Just before Christmas I was working with Eliise and Lawrence and we observed port exhaustion during load testing of a Golang application that makes HTTP requests against an API. I hoped for a quick win and had a quick scan of the code but that confirmed that the was correctly reading the Body
and calling Close
- time to dig a bit deeper.
After some head-scratching we noticed that the code creates a new http.Client
for each request. Not only that, when it creates the http.Client
it also assigns a Transport
instance. This last piece is very important - the docs for Transport
state:
By default, Transport caches connections for future re-use. This may leave many open connections when accessing many hosts. This behavior can be managed using Transport’s CloseIdleConnections method and the MaxIdleConnsPerHost and DisableKeepAlives fields.
and then goes on to say
Transports should be reused instead of created as needed. Transports are safe for concurrent use by multiple goroutines.
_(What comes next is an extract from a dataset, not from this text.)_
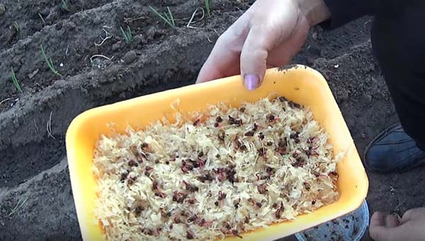 - Ensuite, recouvrez les rainures de terre et saupoudrez à nouveau de cendres.

That means that any of the examples below will re-use connections (assuming that the Body is fully read and closed.)
Using DefaultClient
:
// Uses http.DefaultClient which in turn uses the same http.DefaultTransport instance
http.Get("http://example.com")
Not specifying the Transport
so using DefaultTransport
:
// Transport not set, so http.DefaultTransport instance is used
client := &http.Client{}
client.Get("http://example.com")
Using a shared Transport
value:
// Transport set to a cached value
client := &http.Client{
Transport: transport, // assuming that transport is a fixed value for this example!
}
client.Get("http://example.com")
However, what will not re-use connections is to create a new Transport
instance for each http.Client
:
// New Transport for each client/call means that connections cannot be re-used
// This leads to port exhaustion under load :-(
client := &http.Client{
Transport: &http.Transport{
// insert config here
},
}
client.Get("http://example.com")
Since we were in the category of the last example, the code we were testing wasn’t re-using connection across requests which triggered the port-exhaustion under load. A tweak to cache the http.Client
across requests (as per the go docs) and we were back off and testing again!